J'utilise un Synology 407 sur lequel je stocke ma bibliothèque dans le dossier Music. Chaque utilisateur à les droits en lecture sur ce dossier, et un utilisateur en lecture/écriture.

Aucun souci de partage et mise à jour éventuelle sur quatre ordinateurs différents.


----------



## stéphane33 (6 Mars 2011)

olaf1966 a dit:


> Bonjour,
> 
> J'utilise un Synology 407 sur lequel je stocke ma bibliothèque dans le dossier Music. Chaque utilisateur à les droits en lecture sur ce dossier, et un utilisateur en lecture/écriture.
> 
> Aucun souci de partage et mise à jour éventuelle sur quatre ordinateurs différents.



De quelle bibliothèque parles tu? Tout le contenu du dossier iTunes qui contient les films séries musique... Ou juste du dossier Music?


----------



## olaf1966 (7 Mars 2011)

J'ai créé sur le NAS un dossier nommé MUSIC que j'ai partagé à l'ensemble des utilisateurs (droits lecture du NAS). Dans les préférences iTunes (onglet avancé) j'ai choisi ce dossier MUSIC comme emplacement du dossier iTunes Média.

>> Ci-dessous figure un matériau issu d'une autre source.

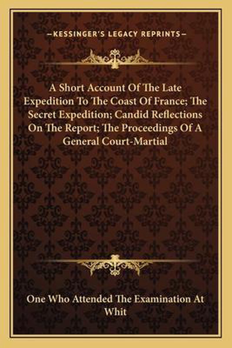 Het enige gevonden boek is A Short Account Of The Late Expedition To The Coast Of France; The Secret Expedition; Candid Reflections On The Report; The Proceedings Of A General Court-martial.
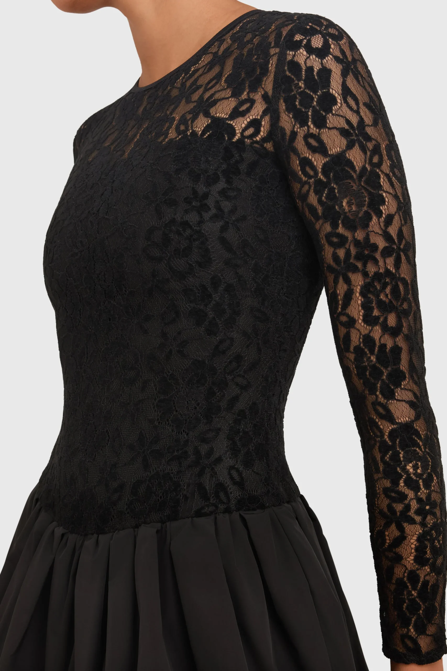 Own the night in the Lacey Skort Romper, your all-in-one piece for a bold look. Featuring a sultry black lace top with sheer long sleeves and a playful bubble skirt, this mini-length romper creates a striking contrast between flirty and elegant. Whether you’re making an entrance or hitting the dance floor, this romper ensures you stand out in style.
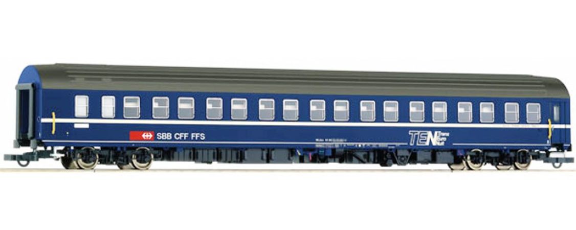 Modèle réduit Roco représentant une voiture-lits de type T2S des Chemins de fer fédéraux suisses.
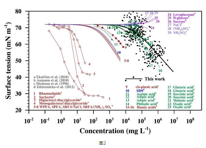 我們進一步比較了這次外場觀測中,城市氣溶膠所含有機物與各類已知化學成分的有機物造成的表面張力降低與有機物濃度的依賴關系,即Szyszkowski-Langmuir(S-L)曲線。結果表明,城市氣溶膠中隨表面活性有機物濃度增加導致表面張力降低的程度最接近二羧酸的依賴曲線。二羧酸在城市大氣氣溶膠中含量豐富,來源為人為源和生物源揮發性有機物的氧化降解,依此推測二羧酸在降低城市氣溶膠表面張力方面起著關鍵作用(圖2)。
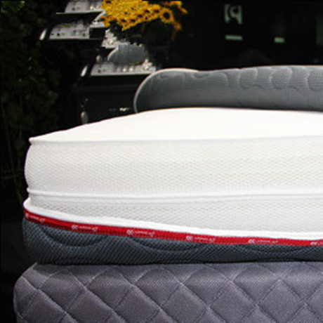 床垫选用3D材质,率先将玻纤用于产品制造,透气干爽,而且材质无色无味,安全环保。此款床垫还采用了物理抗菌科技,不但防螨防过敏、防静电,而且无辐射、无磁场干扰,持续环保。此外还具有内部微循环系统,利湿、保湿。 在结构上,创新使用了分7区设计的德国Muller三维立体“鸟巢”设计,将纯三维立体的空间结构细分,依据人体工学原理,将体型,体重,分布于床垫着 床面,每平方立米上拥有40根互不干扰的独立工作的功能丝,对身体的体贴无微不至。而且三维立体编织物的顶部和底层均有上百万个聚酯纤维,为身体提供良好 的平衡承托、稳定性和弹性,令您拥有舒适满意的睡眠

J'ai viré "laisser iTunes organiser le dossier..."

Pour tout dire, je ne stocke que de la musique, mais il n'y a pas de raison que cela ne fonctionne pas avec de la vidéo AMHA.


----------



## stéphane33 (9 Mars 2011)

olaf1966 a dit:


> J'ai créé sur le NAS un dossier nommé MUSIC que j'ai partagé à l'ensemble des utilisateurs (droits lecture du NAS). Dans les préférences iTunes (onglet avancé) j'ai choisi ce dossier MUSIC comme emplacement du dossier iTunes Média.
> 
> J'ai viré "laisser iTunes organiser le dossier..."
> 
> Pour tout dire, je ne stocke que de la musique, mais il n'y a pas de raison que cela ne fonctionne pas avec de la vidéo AMHA.

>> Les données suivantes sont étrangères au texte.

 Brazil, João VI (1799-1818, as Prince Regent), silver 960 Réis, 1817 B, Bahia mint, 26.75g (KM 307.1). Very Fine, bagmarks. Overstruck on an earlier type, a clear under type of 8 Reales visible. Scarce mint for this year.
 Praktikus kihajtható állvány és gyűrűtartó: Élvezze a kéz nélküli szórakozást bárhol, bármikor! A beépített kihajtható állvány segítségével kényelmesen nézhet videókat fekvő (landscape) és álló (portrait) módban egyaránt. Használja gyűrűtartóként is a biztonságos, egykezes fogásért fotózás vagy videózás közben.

Donc l ensemble du contenu iTunes médias dont la Music les films les App est stocké sur le nas si ta sélectionné cet emplacement.
Par contre excuse moi mais comme je débute dans le stockage réseau nas pour que le Mac est acces librement à ton dossier Music lorsque tu ouvres itunes il faut memeoriser le mot de passe réseau automatiquement non?
Merci


----------



## olaf1966 (9 Mars 2011)

stéphane33 a dit:


> Par contre excuse moi mais comme je débute dans le stockage réseau nas pour que le Mac est acces librement à ton dossier Music lorsque tu ouvres itunes il faut memeoriser le mot de passe réseau automatiquement non?
> Merci



Tu déclares un utilisateur ayant le même nom et même mot de passe que sur ton Mac dans la partie administration du Synology, puis tu donnes accès au dossier Music à cet utilisateur.

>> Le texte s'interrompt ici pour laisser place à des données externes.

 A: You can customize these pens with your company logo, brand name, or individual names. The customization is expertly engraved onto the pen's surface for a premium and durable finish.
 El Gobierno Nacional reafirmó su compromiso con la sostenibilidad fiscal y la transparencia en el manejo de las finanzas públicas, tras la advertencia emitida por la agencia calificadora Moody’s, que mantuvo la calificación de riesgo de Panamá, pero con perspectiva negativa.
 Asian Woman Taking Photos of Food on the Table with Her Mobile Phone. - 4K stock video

Tu procèdes de même si tu veux déclarer d'autres utilisateurs, il suffit de leur attribuer les droits en lecture/écriture ou lecture seule suivant ton choix.


----------



## stéphane33 (10 Mars 2011)

olaf1966 a dit:


> Tu déclares un utilisateur ayant le même nom et même mot de passe que sur ton Mac dans la partie administration du Synology, puis tu donnes accès au dossier Music à cet utilisateur.
> 
> Tu procèdes de même si tu veux déclarer d'autres utilisateurs, il suffit de leur attribuer les droits en lecture/écriture ou lecture seule suivant ton choix.



C'est compliqué!!
Je ne comprends pas un truc désolé encore : Si tu définis l'emplacement du dossier itunes médias sur le NAS comment itunes gère cela?
 En fait moi je gère cela depuis un disque externe firewire : Tout mon dossier itunes média est stocké dessus.
J'ai bien entendu sélectionné l'emplacement du dossier itunes média sur ce disque externe et itunes gère cela : Il place les films dans le dossier films, la musique dans le dossier music, les app etc etc.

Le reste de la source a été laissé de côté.